Informações recentes do Wall Street Journal indicam que o Google está em tratativas com a SpaceX, a companhia de tecnologia espacial fundada pelo bilionário Elon Musk, para firmar um acordo que possibilitaria o uso de foguetes em lançamentos futuros voltados à construção de data centers orbitais.
Esse projeto se insere em uma competição global para desenvolver inteligências artificiais que agora buscam expandir suas operações para além da Terra. A proposta é que a IA generativa utilize centros de dados “espaciais”, que podem operar com energia solar quase ininterrupta, para suportar sistemas robustos de processamento de informações.
Um dos principais desafios enfrentados pelas tecnologias atuais é o consumo energético elevado. Modelos de IA generativa requerem data centers consideráveis, com alto consumo de eletricidade e grandes quantidades de água pura para resfriamento.
A Agência Internacional de Energia (IEA) prevê que o uso energético global pelos data centers poderá mais que dobrar até 2030, impulsionado especialmente pelo avanço da inteligência artificial.
A estratégia das grandes empresas nesse novo cenário tecnológico visa, em parte, amenizar esses problemas através da instalação de satélites ou plataformas computacionais na órbita terrestre. Nessas condições, seria possível captar radiação sem os impedimentos da atmosfera, nuvens ou variações climáticas.
Além disso, o espaço apresenta outra vantagem significativa: suas condições naturais podem proporcionar um resfriamento térmico eficiente, reduzindo assim a quantidade de água necessária para os sistemas computacionais exigentes.
No entanto, os desafios permanecem consideráveis. Um dos obstáculos é que transportar infraestrutura computacional pesada ao espaço demanda foguetes reutilizáveis, e os custos dos lançamentos ainda são extremamente elevados.

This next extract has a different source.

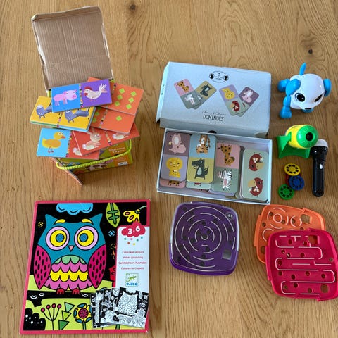 Lite brukt. De blå brikkene har ulike mønstre på hver side. På noen av de blå brikkene er det tegnemerker og på andre er det noen skader etter at tegnemerker er forsøkt tørket av. Se bilder
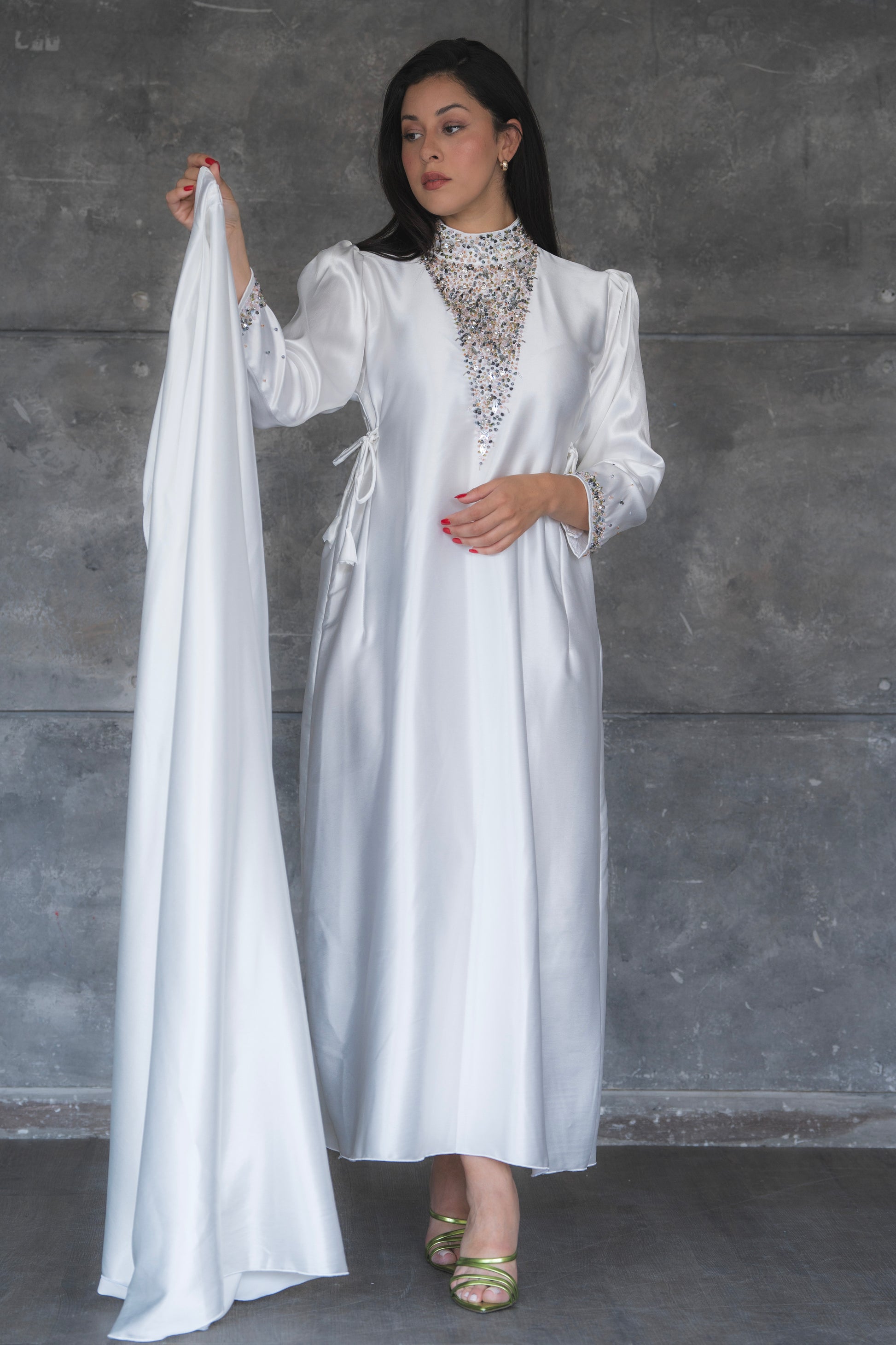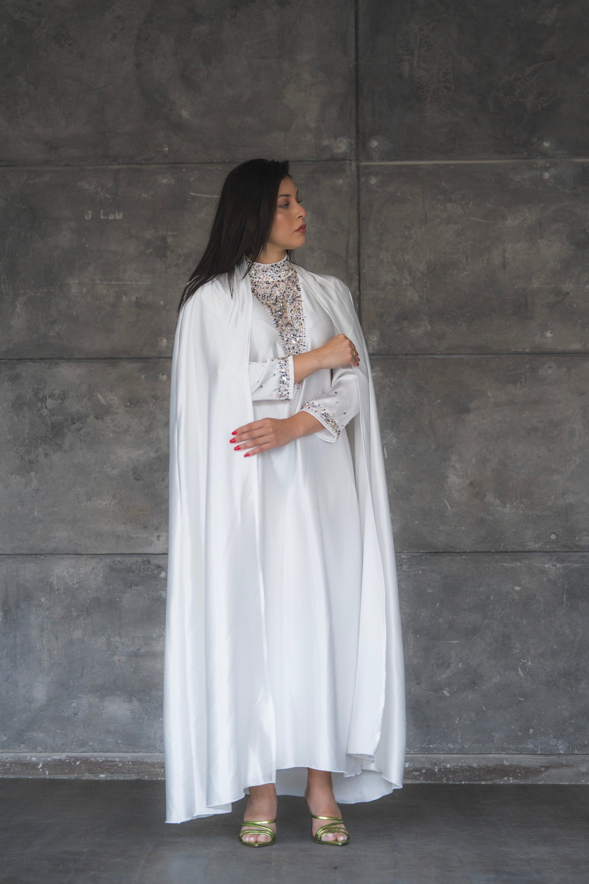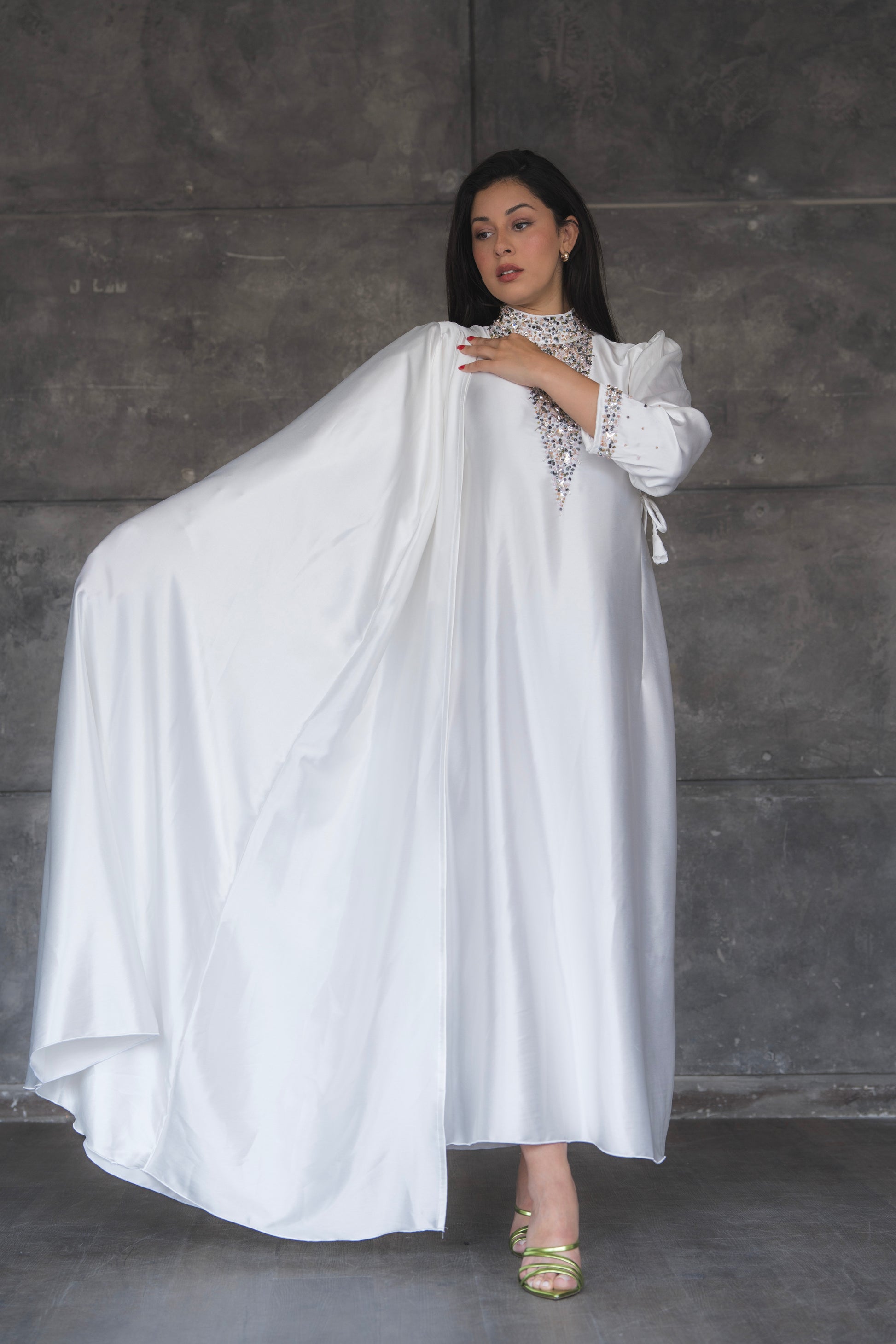 Fatima White Silk 2 Pieces Abaya Dress  Code 001

A manutenção desses sistemas em órbita também representa um desafio significativo.
Conforme relatório do jornal americano, o Google está desenvolvendo o Projeto Suncatcher, que se propõe a criar satélites movidos a energia solar e equipados com TPUs (Tensor Processing Units), os chips desenvolvidos pela empresa para inteligência artificial.
A ideia é interligar essas unidades em uma rede conhecida como “nuvem orbital” de IA. Protótipos estão sendo elaborados em colaboração com a Planet Labs, especializada em satélites e monitoramento terrestre.
Recentemente, a startup Anthropic estabeleceu um acordo para aproveitar toda a capacidade computacional das instalações Colossus 1, parte do ecossistema tecnológico da SpaceX localizado em Memphis.
Informações veiculadas na mídia internacional sugerem que a Anthropic também demonstrou interesse em colaborar com a SpaceX no desenvolvimento de data centers orbitais operando em escalas de gigawatts.
A criação dessa infraestrutura espacial se destaca como um dos aspectos estratégicos relacionados ao esperado IPO da SpaceX.
No entanto, especialistas alertam sobre os riscos associados ao aumento do lixo espacial e à possível militarização das infraestruturas orbitais. Além disso, há preocupações sobre a dependência tecnológica concentrada nas mãos de algumas empresas privadas ligadas aos interesses norte-americanos.